Its only now that my children are 15 and 13 that I feel I have a bit more me time, and I used to be really independent and had loads of interests yet I put them on hold for my kids, and I resented my ex a lot as I was like so I make all these sacrfices and feel like I have lost a bit of myself, yet you get to be you still.

I retrained after we broke up and tripled my income, as he was holding me back, and he said to our son the other day why didn't mum do that when we were together, I couldn't have, as I didn't have a moment to breathe with the responsibilities of everything that he wasn't doing.

A lot of men are selfish, yet the decent ones make changes to accommodate their families.

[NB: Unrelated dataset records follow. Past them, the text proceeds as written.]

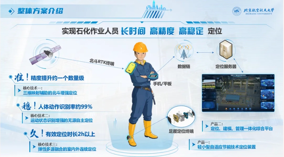 项目简介:本项目采用三维映射辅助增强的北斗增强定位、运动状态识别增强的无源自主定位和弹性多源融合的室内外连续定位,研制轻小型自适应节能技术定位装置,搭建石化人员综合定位与安全管理平台,实现定位精度提升约1个数量级,打造过硬定位技术,筑牢安全管理根基。
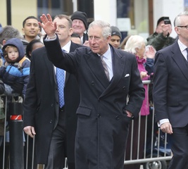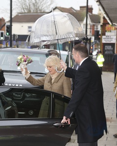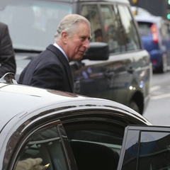 Ksiaze Karol i Camilla w drodze do teatru Palace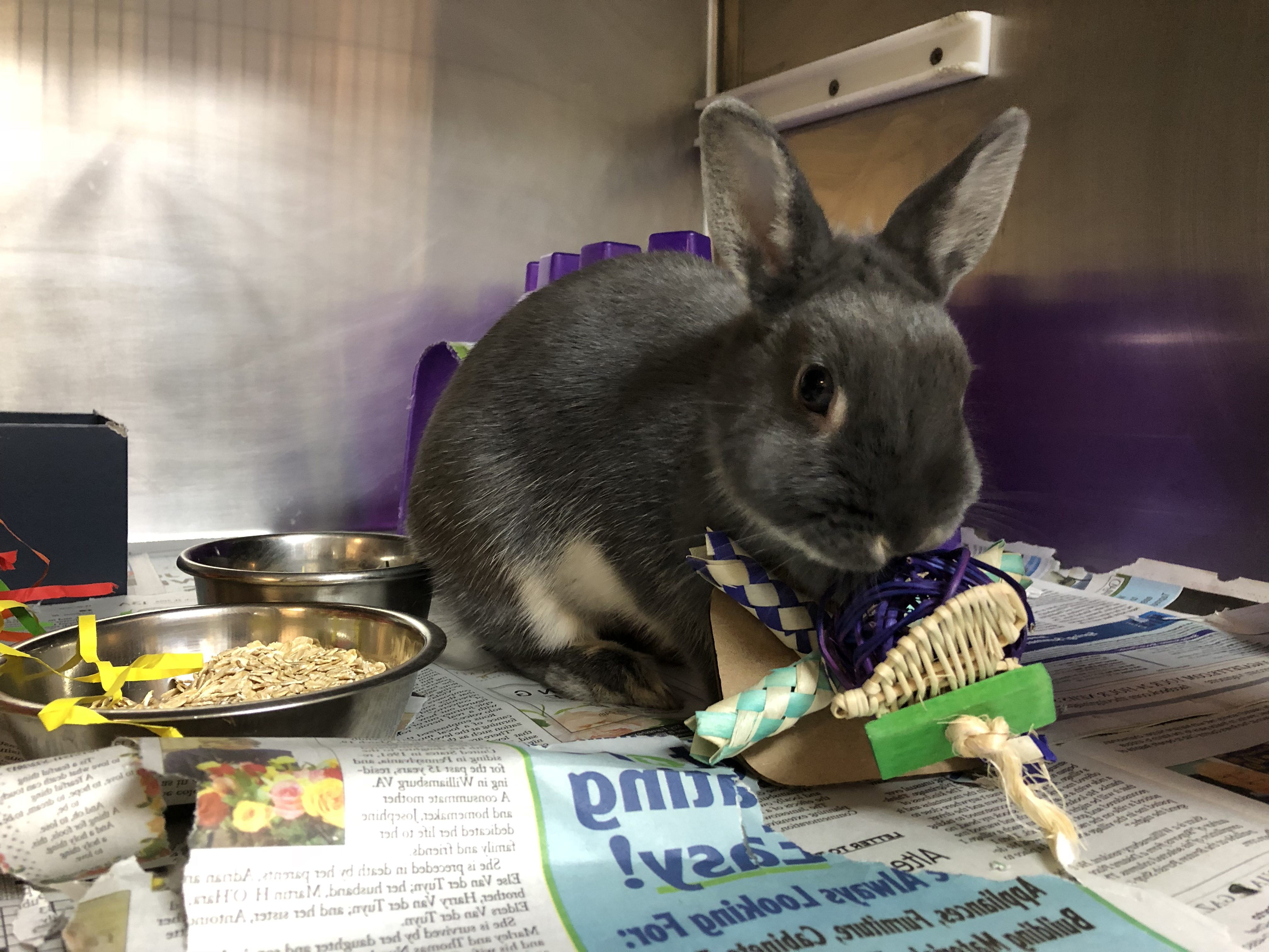 What many people don’t know is that – while these pets don’t take up much space, they are still a lot of work, and need human interaction, attention and veterinary care, just like a dog or cat. Every once in a while we’ll have families want to adopt a bunny as a “starter pet” for their kids to learn responsibility. While bunnies do teach responsibility, they require A LOT more attention and daily maintenance than what some people may think. Did you know bunnies can live up to 12 years?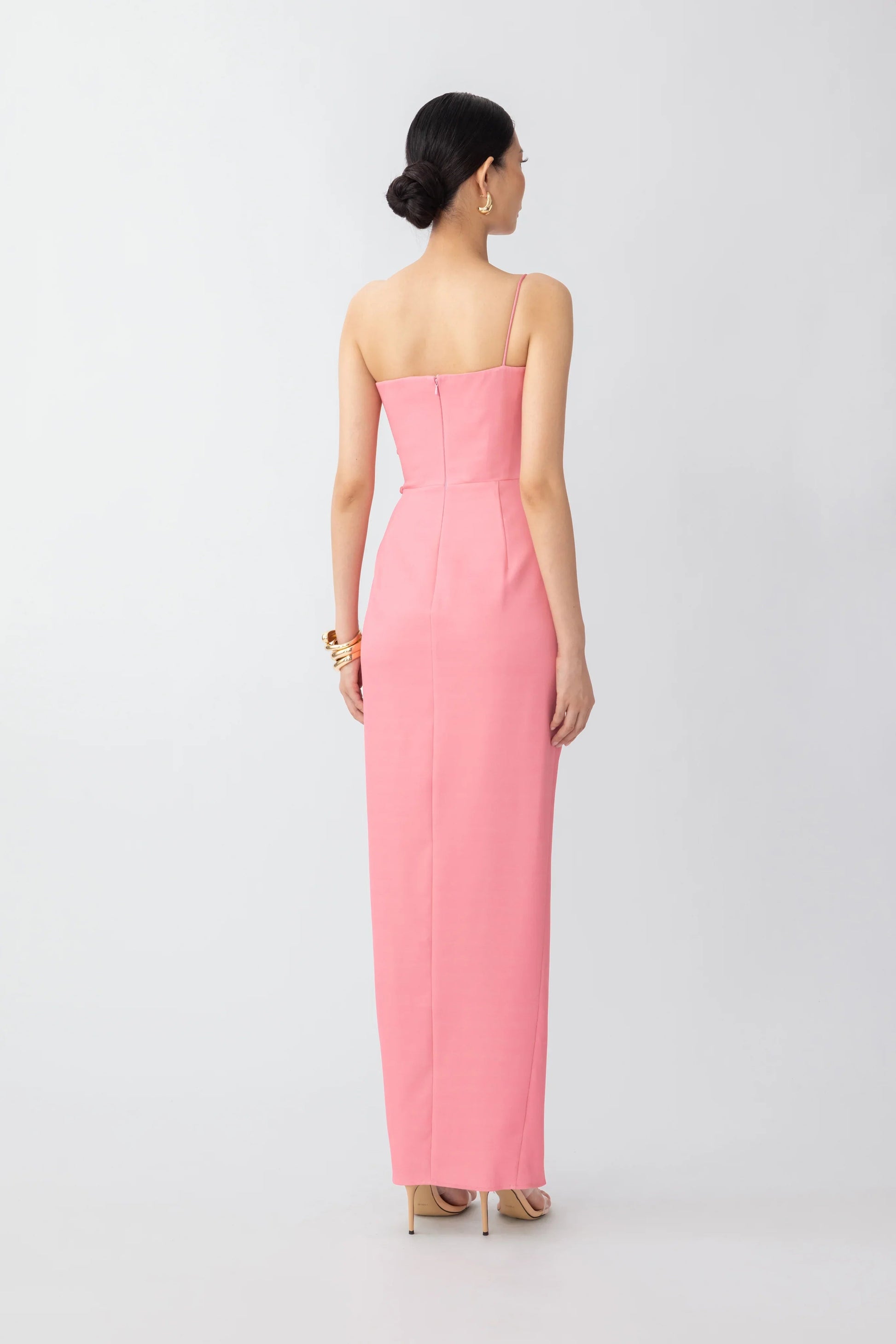 One-strap crepe maxi dress with a thigh-high slit featuring our signature hand-tied pipa knot button detail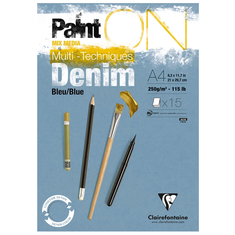 Скетчбук - альбом для смешанных техник 15л., А4 Clairefontaine 'Paint ON Denim Blue', на склейке, 25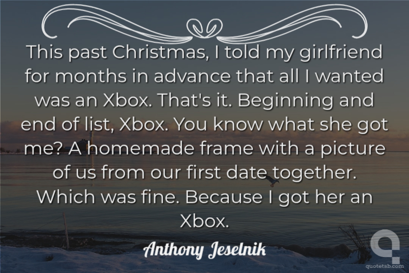 This past Christmas, I told my girlfriend for months in advance that all I wanted was an Xbox. That's it. Beginning and end of list, Xbox. You know what she got me? A homemade frame with a picture of us from our first date together. Which was fine. Because I got her an Xbox.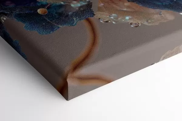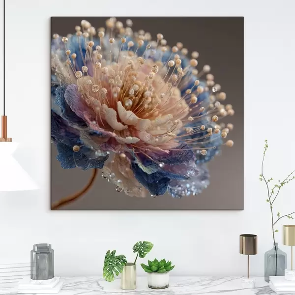 Wandbilder Perlmuttfarbene Blume mit Tautropfen, pfirsich- und blaue Blütenblätter Art. s45911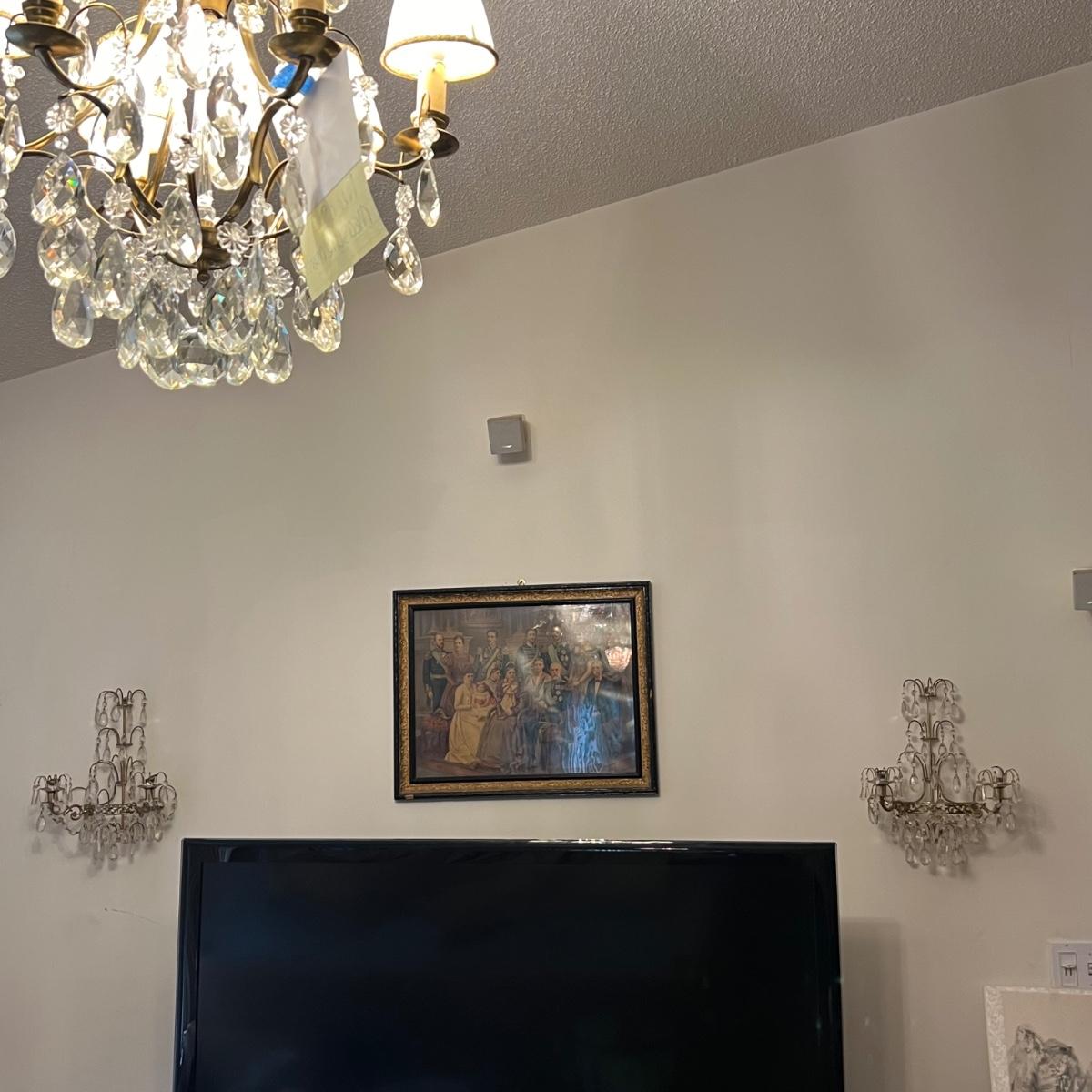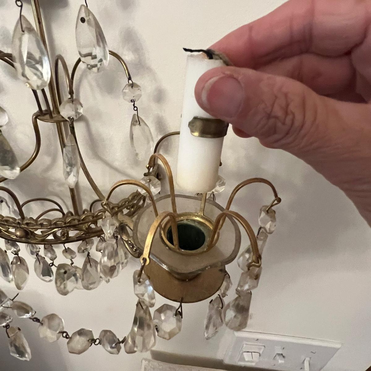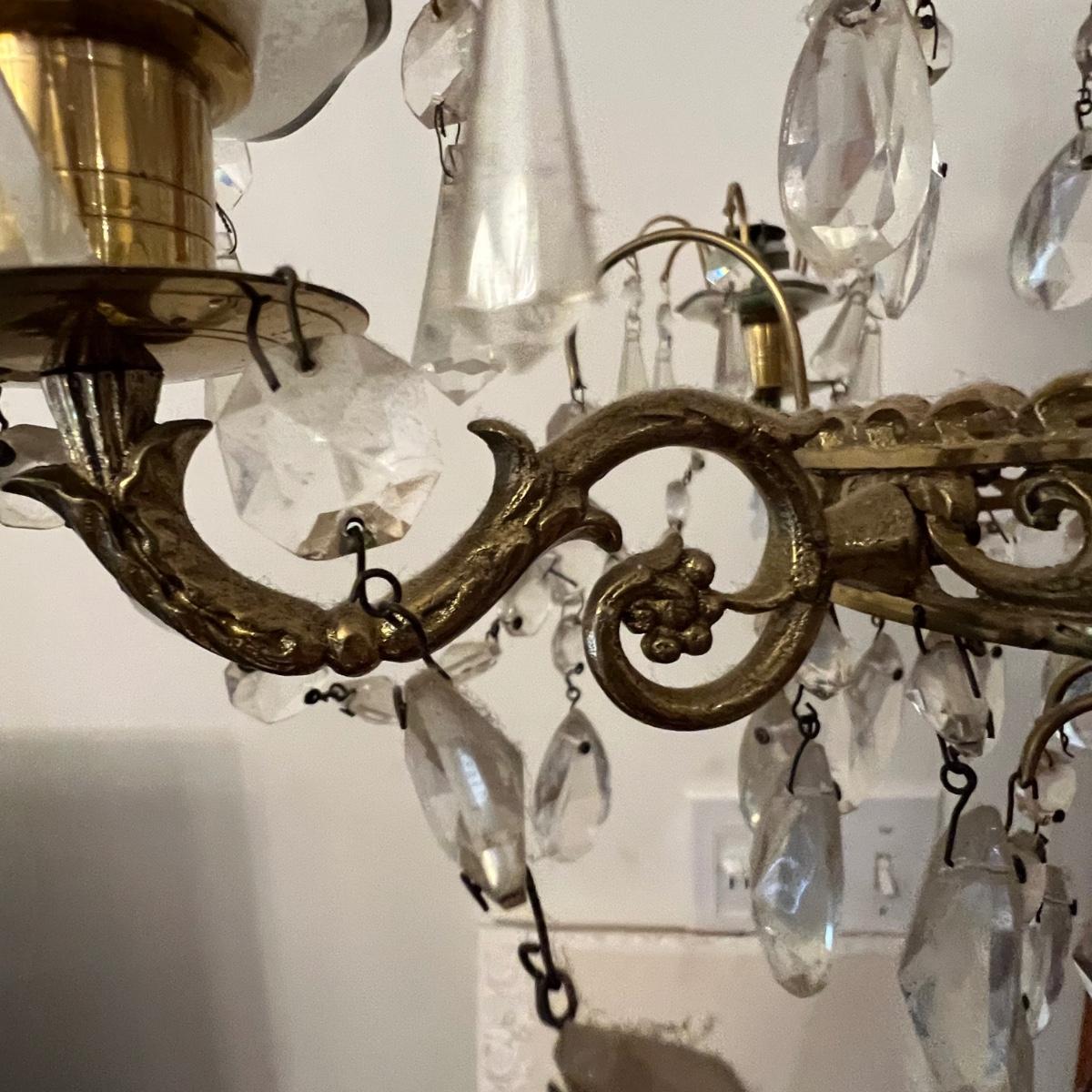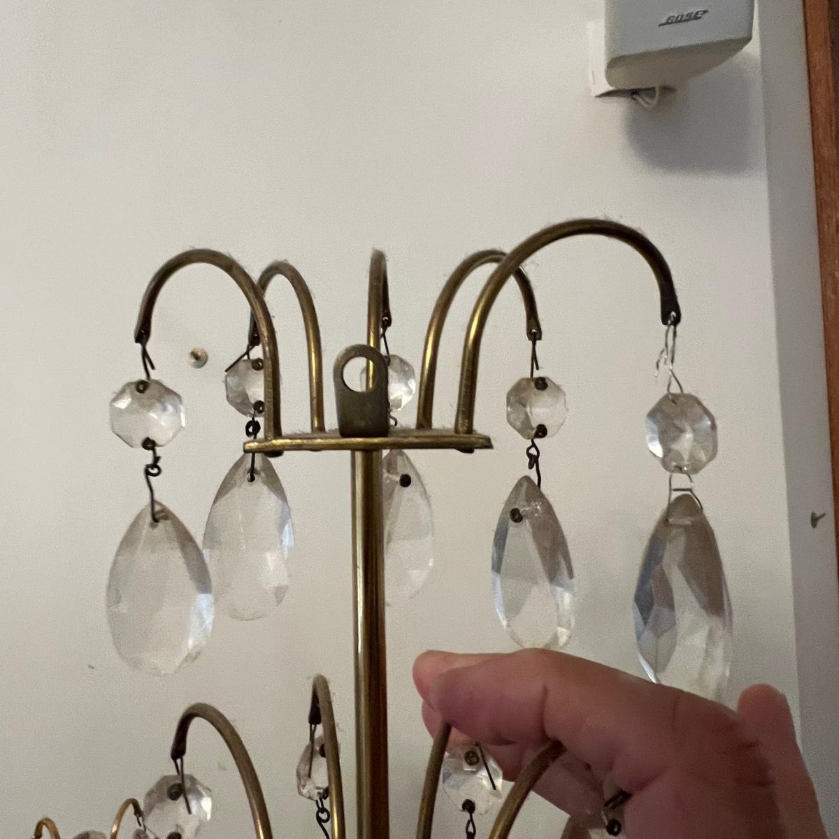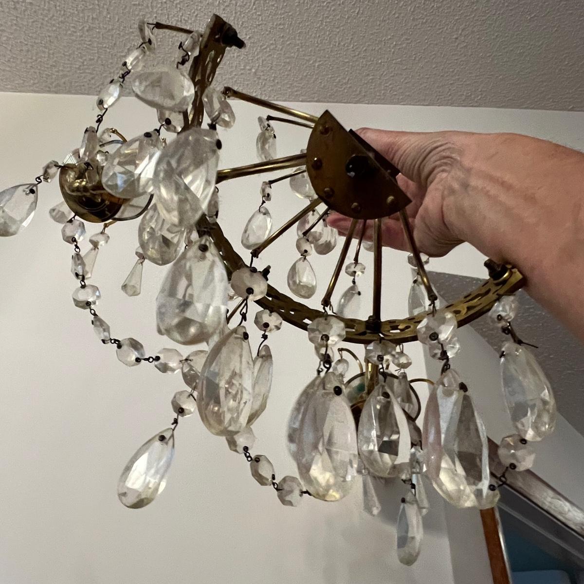 This matching pair of wall sconces appear to be brass with Swarovski like prisms. These wall sconces appear to match the ornate chandelier that is in another lot in this auction. These are not set up with electrical lighting though.

thepariscrimefiles · 30/11/2025 12:49

He brings nothing to the table except grief. You out-earn him, you do all the child care and cook the meals. He is mean and insulting to you, spends his time with his loser friends who've left their marriages and gives you ultimatums about when he will go out and when you must cook him a Sunday dinner.

Tell him to get to fuck. He is an arrogant arsehole and you will be happier without him.

Speak to a solicitor about starting divorce proceedings. There is 'no fault' divorce now so he cannot just refuse and insist on staying married to you. You certainly don't need to wait on him hand and foot like you seem to be doing now.